¹H-NMR (CDCl₃)δ 1,45 (s, 9H), 1,67-1,74 (m, 2H), 1,87 -1,92 (m, 2H), 2,84 (m, 1H), 3,20-3,26 (m, 2H), 3,78 (br d, 2H), 7,88 (dd, 1H), 7,97 (d, 1H), 8,26 (d, 1H), 9,00 (s, 1H).

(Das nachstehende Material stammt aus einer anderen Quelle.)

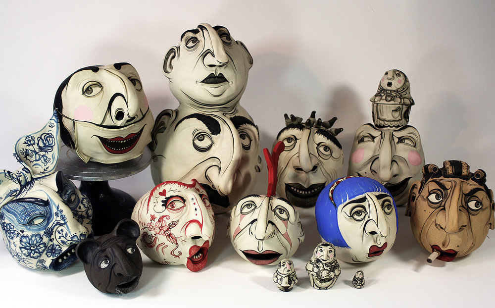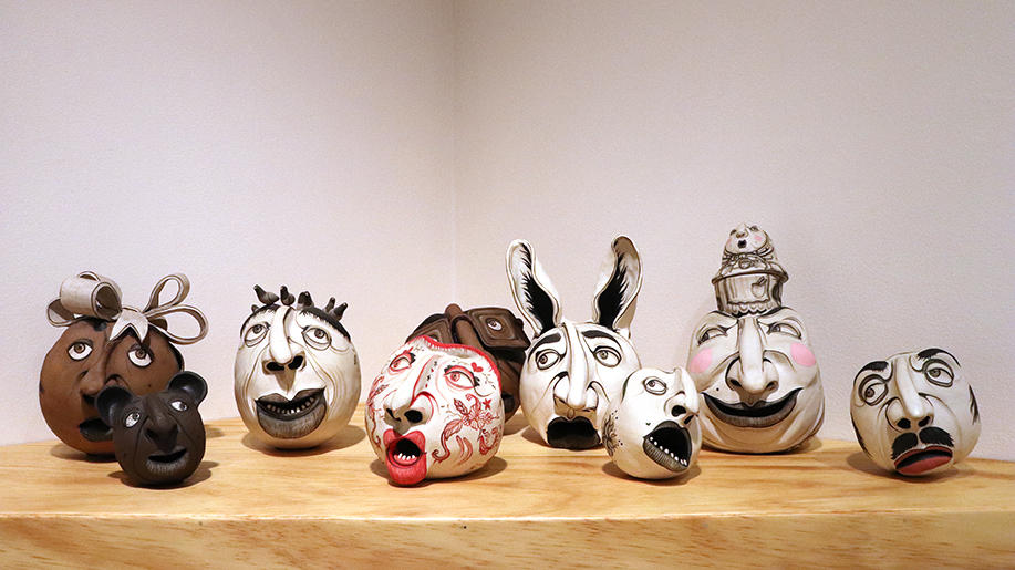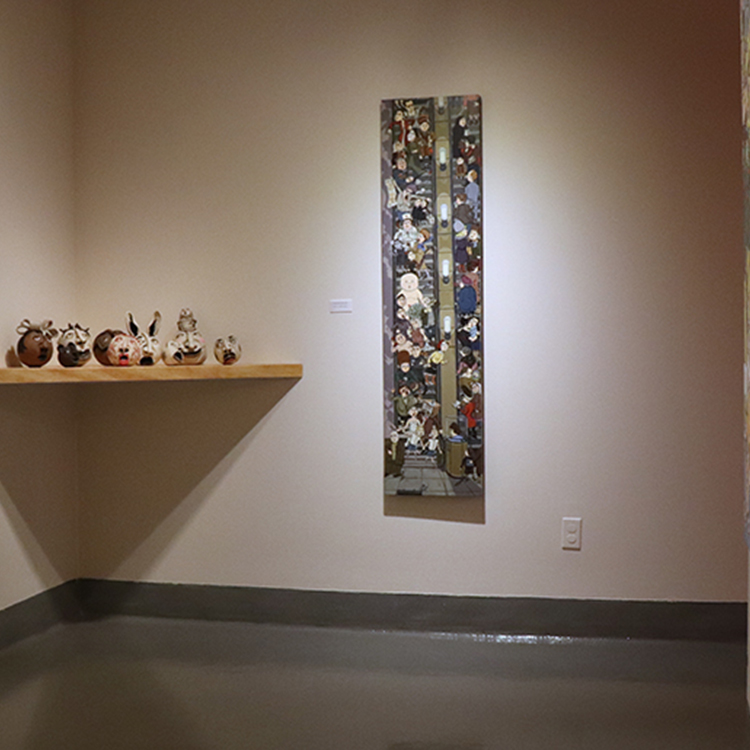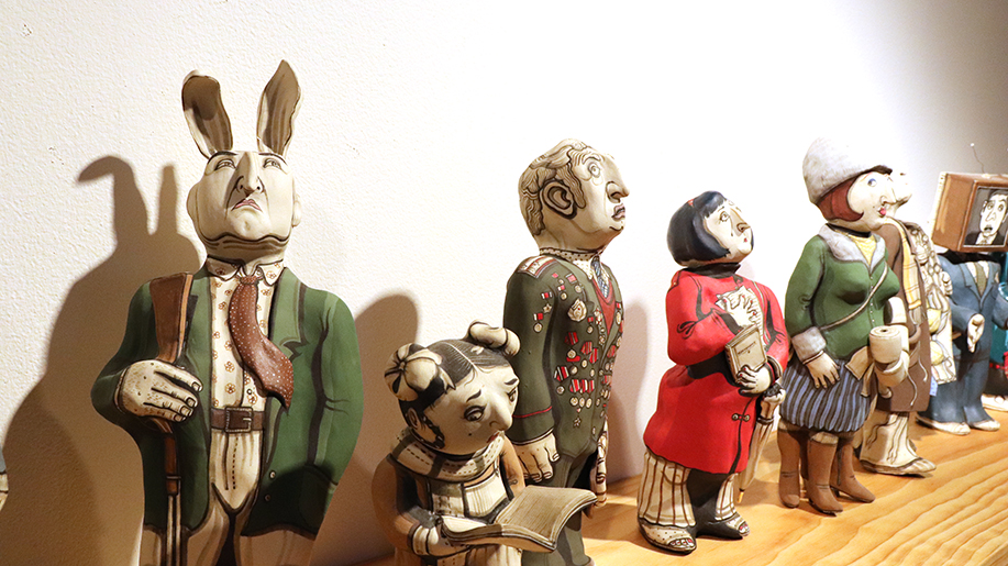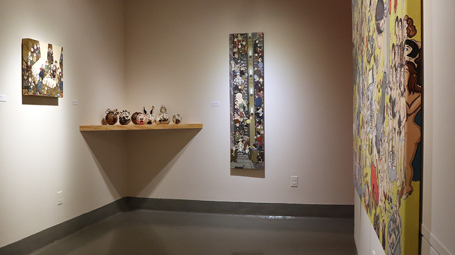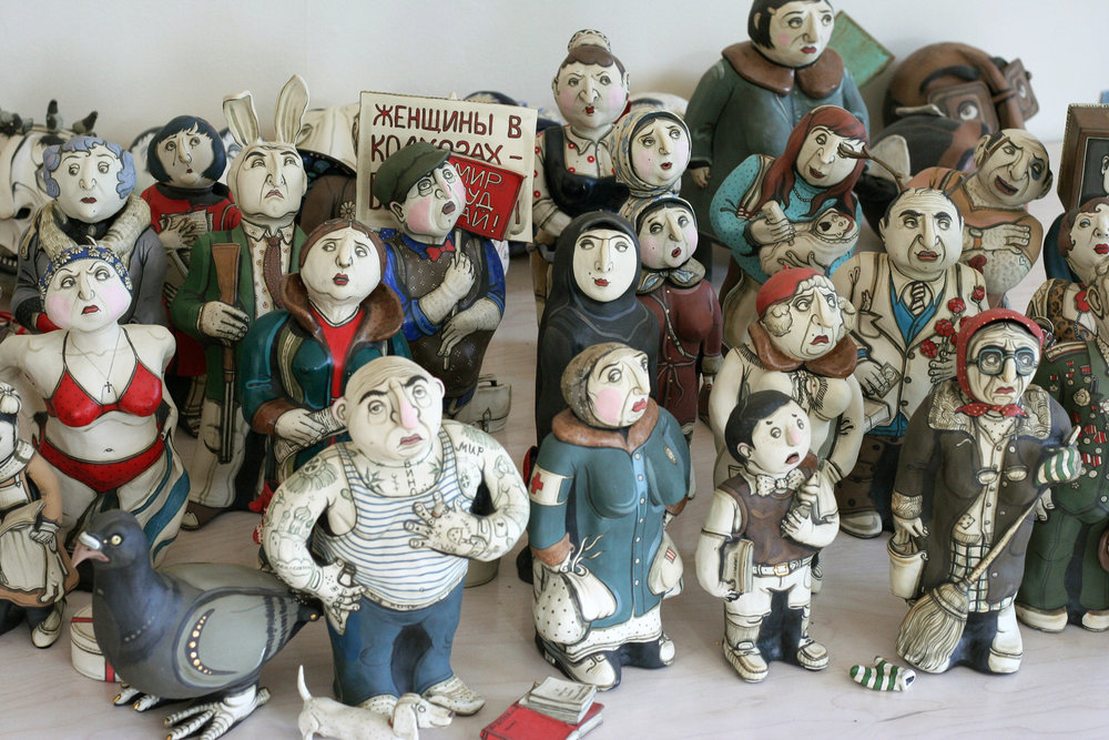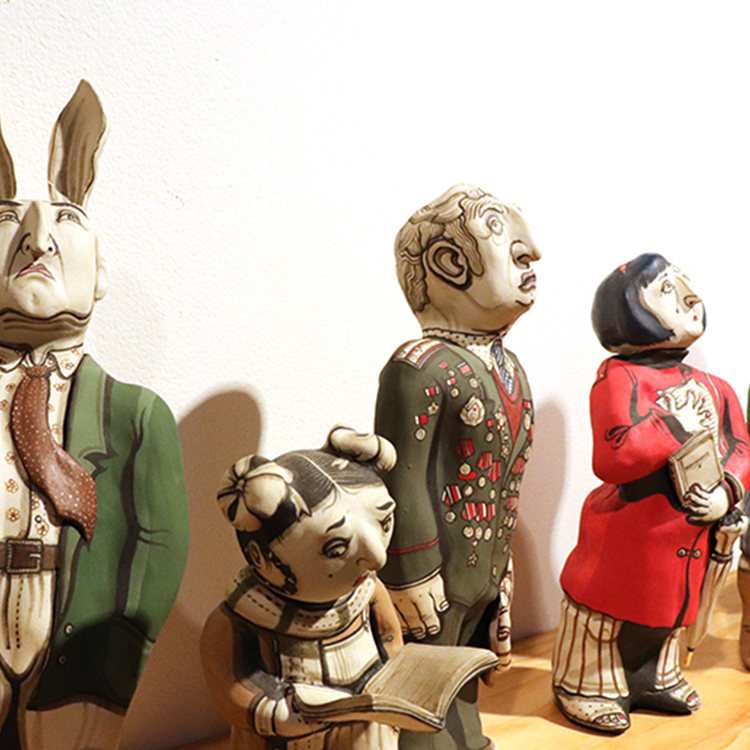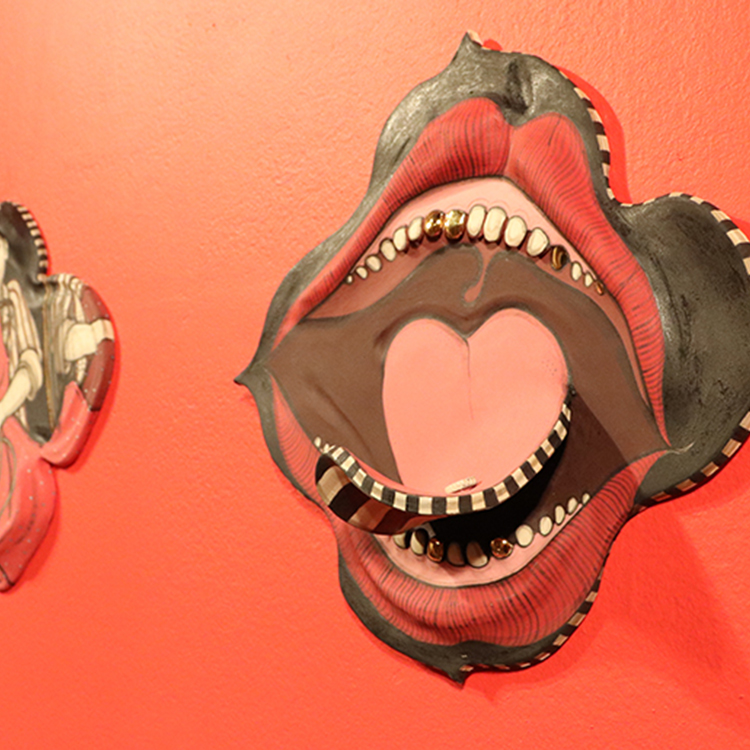The renderings on the surfaces are informed by Akio Takamori sculptures, Soviet propaganda posters, the early Will Eisner comics, the wordless woodcut novels of the 1920s, the Ancient Greek orgy cups and the Japanese Ukiyo-e prints. The tropes and allusions presented in the works cannot be separated from the ongoing debate over female body rights concerning birth/abortion, circumcision, body coverage/exposure, contraception, and obligations within matrimony. Throughout history, the unclothed female figure has carried the baggage of objectification, voyeurism, exoticism, desire, and struggle for power and control. Inspired by her cultural heritage and training in traditional Russian realist painting, Payusova also presents a selection of her earlier works that blend the styles of folk art, Russian icons, graphic poster art, illustration and comics that narrate a magic realism through the symbolic and allegorical characters that thread throughout her work.

(3-Methoxy-4-phenoxy-phenyl)-(6-piperidin-4-ylethinyl-chinazolin-4-yl)-amin:
Eine Lösung von 4-(4-Chlor-chinazolin-6-ylethinyl)-piperidin-1-carbonsäure-tert-butylester (131 mg, 0,304 mmol) und 3-Methoxy-4-phenoxyanilinhydrochlorid (77 mg, 0,306 mmol) in t-BuOH/ClCH₂CH₂Cl (1,0/1,0 ml) wurde in einer fest verschlossenen Reaktionsampulle 30 min bei 90°C erhitzt. Nach Abkühlen wurde das gelbe Gemisch mit MeOH verdünnt und HCl-Gas 10 min durch das Gemisch geleitet. Nach Rühren während 2 h wurde EtOAc zugegeben, um weiteren Feststoff auszufällen, der durch Saugfiltration gewonnen wurde, mit EtOAc gespült wurde und ferner getrocknet wurde, wobei 105 mg (66%) eines gelben Feststoffs erhalten wurden:
¹H-NMR (CD₃OD) δ 1, 93-2,02 (m, 2H), 2,18-2,24 (m, 2H), 3,12-3,21 (m, 2H), 3,41-3,47 (m, 2H), 3,81 (s, 3H), 6,87 (d, 2H), 7,02 (t, 1H), 7,06 (d, 1H), 7,27 (t, 2H), 7,33 (dd, 1H), 7,56 (d, 1H), 7,80 (d, 1H), 8,06 (d, 1H), 8,79 (s, 1H), 8,83 (s, 1H); MS m/z (MH⁺) 451,3.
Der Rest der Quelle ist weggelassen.